HTTPAdapter with SSLContext specified does not use SSLContext's ca_certs on Windows

[matthchr]

My objective was to get requests to use the Windows certificate store rather than the certifi bundle. Maybe this just isn't supported.

I know there is some complexity and has been some debate about how supplying an SSLContext was supposed to work in requests (see #2118). But according to that issue, TransportAdapters (i.e. HTTPAdapter) is the recommended way to provide an SSLContext.

Expected Result

The SSL Context provided would pass its ca_certs along to requests and authentication with a remote endpoint would work.

Actual Result

It didn't work, instead there is a failure looking up the certificate bundle (which I've neglected to deploy alongside my application, so it's not there).

The callstack ends up here:

File "venv\lib\site-packages\requests\adapters.py", line 228, in cert_verify
    "invalid path: {}".format(cert_loc))

Reproduction Steps

import requests
import requests.adapters

# adapted from https://stackoverflow.com/questions/42981429/ssl-failure-on-windows-using-python-requests/50215614
class SSLContextAdapter(requests.adapters.HTTPAdapter):
    def init_poolmanager(self, *args, **kwargs):
        context = ssl.create_default_context()

        kwargs['ssl_context'] = context
        return super(SSLContextAdapter, self).init_poolmanager(*args, **kwargs)

s = requests.Session()
s.mount('https://www.google.com', SSLContextAdapter())
result = s.get('https://www.google.com')

Additionally (as a hack to emulate my enviornment), go rename venv\Lib\site-packages\certifi\cacert.pem

System Information

$ python -m requests.help

{
  "chardet": {
    "version": "3.0.4"
  },
  "cryptography": {
    "version": ""
  },
  "idna": {
    "version": "2.8"
  },
  "implementation": {
    "name": "CPython",
    "version": "3.7.4"
  },
  "platform": {
    "release": "10",
    "system": "Windows"
  },
  "pyOpenSSL": {
    "openssl_version": "",
    "version": null
  },
  "requests": {
    "version": "2.22.0"
  },
  "system_ssl": {
    "version": "1010103f"
  },
  "urllib3": {
    "version": "1.25.7"
  },
  "using_pyopenssl": false
}

[gjb1002]

I agree that this should be much more straightforward than it is.
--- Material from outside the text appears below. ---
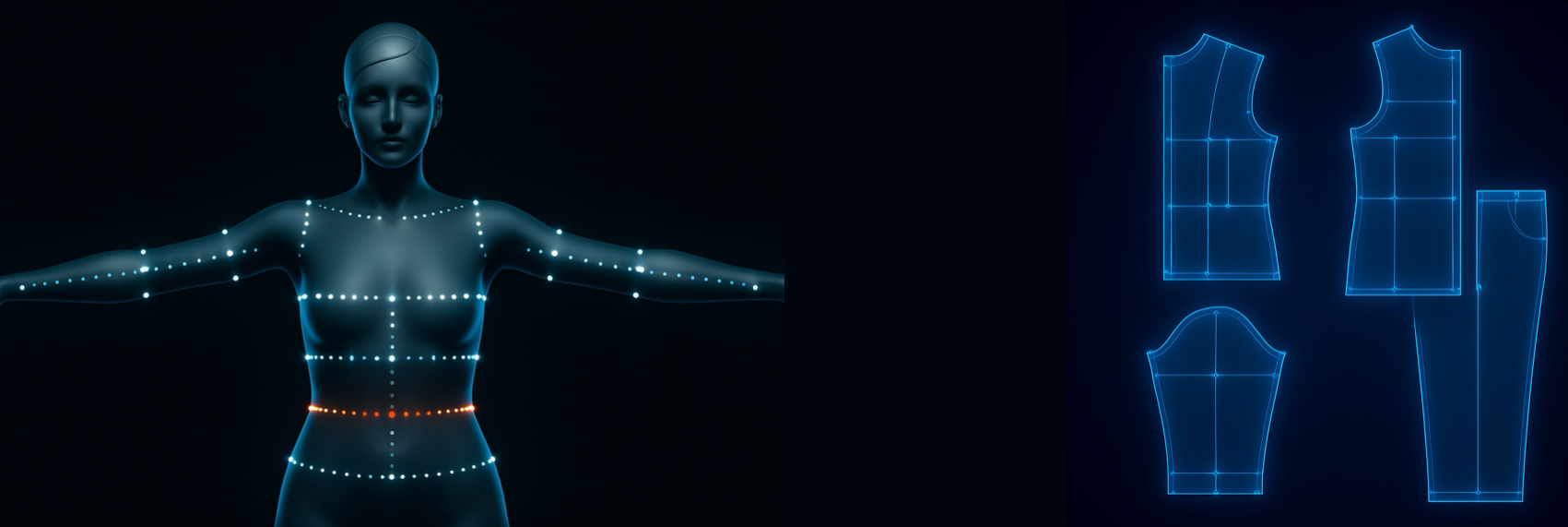 With our Custom Pattern Capability, we are building the missing digital link between body scanning and bespoke production. Our revolutionary software automatically transforms your garment pattern of your size range into a custom-fit version — powered by measurements extracted directly from a 3D scan.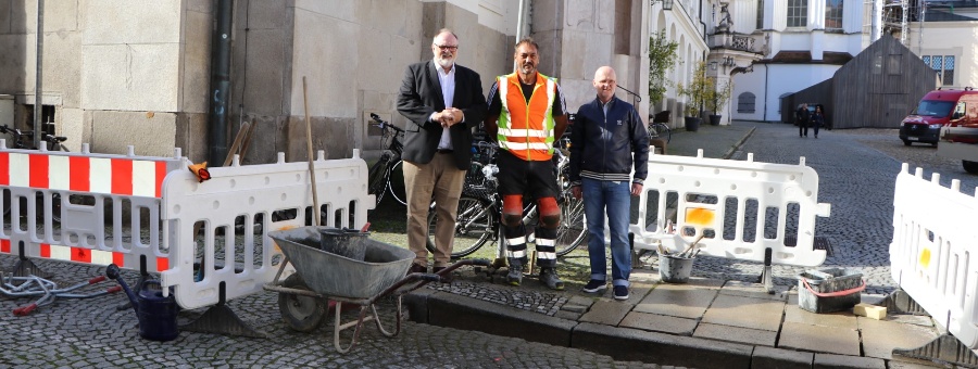 Oberbürgermeister Jürgen Dupper begutachtet den Fortschritt am Residenzplatz: „Unsere historische Altstadt hat viele Besonderheiten. Nicht zuletzt charakterisieren die kleinen Gassen, die Ausgestaltung bzw. Beschaffenheit der Straßen und Flächen aber auch die Wegführung das frühere Stadtzentrum. Es ist durchaus eine Herausforderung, in Abwägung mit dem Denkmalschutz eine Verbesserung für Menschen mit Beeinträchtigung oder auch mit Kinderwägen zu erreichen. Wir werden jedenfalls alle Möglichkeiten ausschöpfen, um einen problemlosen und sicheren Zugang zu unserer Altstadt zu ermöglichen.“

There should be a simple way to tell it to use Windows cert store on Windows, or to hook this behaviour in via an adapter.

I spent quite a while figuring out how to do this, and eventually came up with a solution/workaround.

class WindowsCertStoreAdapter(requests.adapters.HTTPAdapter):
    def cert_verify(self, conn, url, verify, cert):
        super(WindowsCertStoreAdapter, self).cert_verify(conn, url, verify, cert)
        # By default Python requests uses the ca_certs from the certifi module
        # But we want to use the certificate store instead.
        # By clearing the ca_certs variable we force it to fall back on that behaviour 
        conn.ca_certs = None

hooked in in the same way as the description above.

The problem with your code is that it happily loads all the certs from the cert store, but as long as ca_certs is set to point at the certificate bundle, it will load everything from that afterwards, overwriting them. By making sure it's None you keep the windows cert store ones until they're needed. Hope that helps, anyway.

[fedorbirjukov]

pip-system-certs might be of interest for you.

[fedorbirjukov]

@gjb1002, I think the problem with the above code is much simpler. @matthchr just does not load the certificates from the store after creating the context as mentioned on StackOverflow:

context.load_default_certs() # this loads the OS defaults on Windows

[matthchr]

@fedorbirjukov - create_default_context does that automatically, see: https://github.com/python/cpython/blob/477b1b25768945621d466a8b3f0739297a842439/Lib/ssl.py

Moreover the issue is less with the ssl_context and more with the fact that if the certifi bundle is not found requests raises.

I think that @gjb1002's answer will solve this problem, although in my case I just gave in and rewrote our http stack using aiohttp (which does the right thing here and supports cleaner async/await to boot).

[fedorbirjukov]

Now I see. If using this hack, then you should also clear conn.ca_cert_dir = None.

[roelandschoukens]

I have successfully used the solution above before. But it is not available if you use another package that internally uses requests for its HTTP requests. These often have no documented way to access the internal session instance.